Wednesday, November 21, 2018

Ptahhotep Maxim 31: Homosexuality

We're reading the book Middle Egyptian Literature: Eight Literary Works of the Middle Kingdom by James P. Allen. And by read I mean read.

Re-writing it, actually.

A couple of times.

The hieroglyphs are re-written using Jsesh so they go left to right and not right to left and not top to bottom. Then they're transferred to Photoshop and formatted as they are in the book. Then the transliterations are provided copied from the book, and the segments deduced from the transliterations. The English translations are copied from the book, and then each word is looked up in dictionaries. And you wouldn't believe what a mess those things are. Back and forth, back and forth, flippity flip flip all the way through from beginning to end over and over and over. It's a serious mess all over the place with three or four windows open going back and forth between them. Constantly resizing.

So now we're at the point where the priest knows what he's talking about.

And we expect him to be expansive but he hardly has anything at all to say. Only five lines.

And he addresses only one form homo-tude, an older man satisfying the lust of a boy. I suppose the sort of homo life a priest thinks about judging by modern day legal settlements and widespread international dissatisfaction with the Catholic church. The priest doesn't mention going down to the docks trolling for rough trade sailors, nothing about going to bars or to gay rodeos, or gay pride parades. Nothing about picking up hairy-ass soldiers or cornering a farm hand in the estate barn. Nothing about all the artists, craftsmen, musicians, caterers, jewelers and merchants. Nothing about all those quarrymen all over the place. Nothing about adult scribes.

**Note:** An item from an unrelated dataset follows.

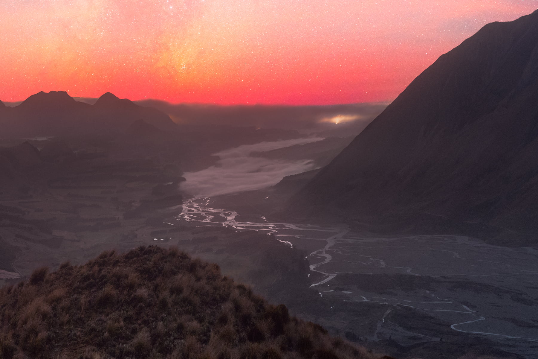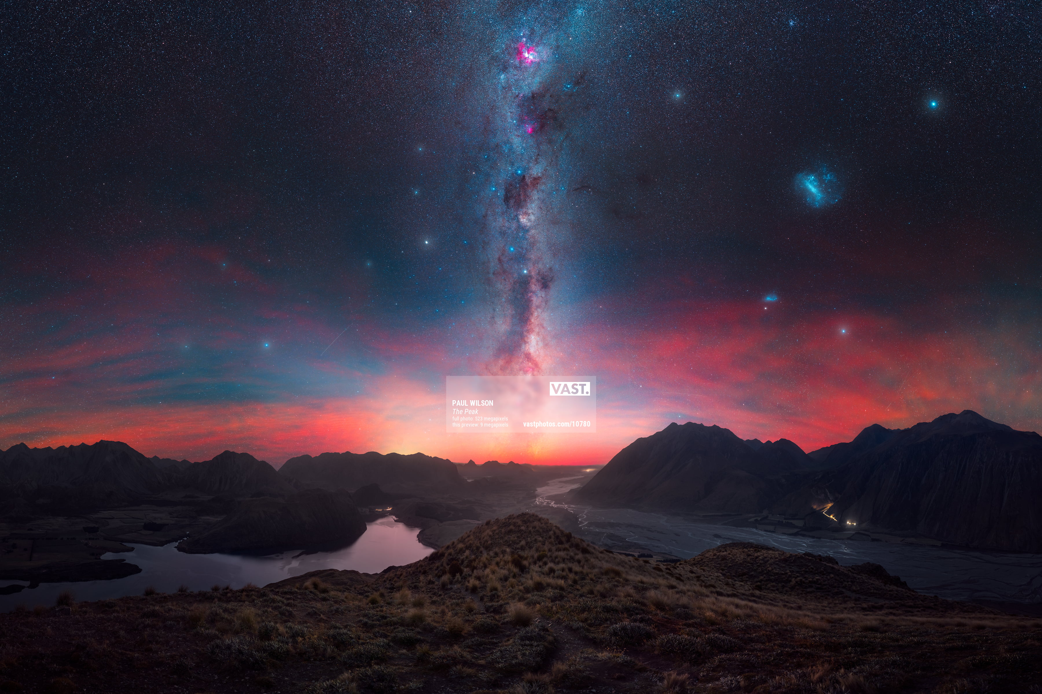 This one-shot took 4 hours of driving, 5 hours hiking, 7 hours standing on the hill, and 8 hours putting it all together, painfully stitching and blending the shots.

There is a well known case of a homosexual couple memorialized in early Egyptian art in the tomb of Niankhkhnum and Khnumhotep. Life belongs to Khnum and Khnum is satisfied. In some of the hieroglyphs the names are strung together in word play with possible meaning of "joined in life and joined in death. Niankhkhnum had a wife shown seated behind him in a banquet scene but her image was nearly totally erased in ancient times for unknown reason.  The two men were royal manicurists and hairdressers. Laugh if you like, they were very high ranking officials. Right up there with keeper of the royal poop.

Wanna see 'em?  Tap the "images" button.

Maxim 31 says:

You should not have sex with a woman-boy,
though you know what is barred would be water on his heart,
for there is no cooling for what is in his belly.
He should not spend the night to do what is barred:
he will cool down only after he breaks his desire.

I thought there would be more.

Apparently the priest didn't want to be too discouraging.

Here it is in .gif form, optimized to 100% which is a lot.


1 comment:

edutcher said...

Interesting. I thought that was allowable back then.

Of course, the Greeks always thought there was a point where a man grew up, found a nice girl, got married, started a family, and gave up all that other stuff.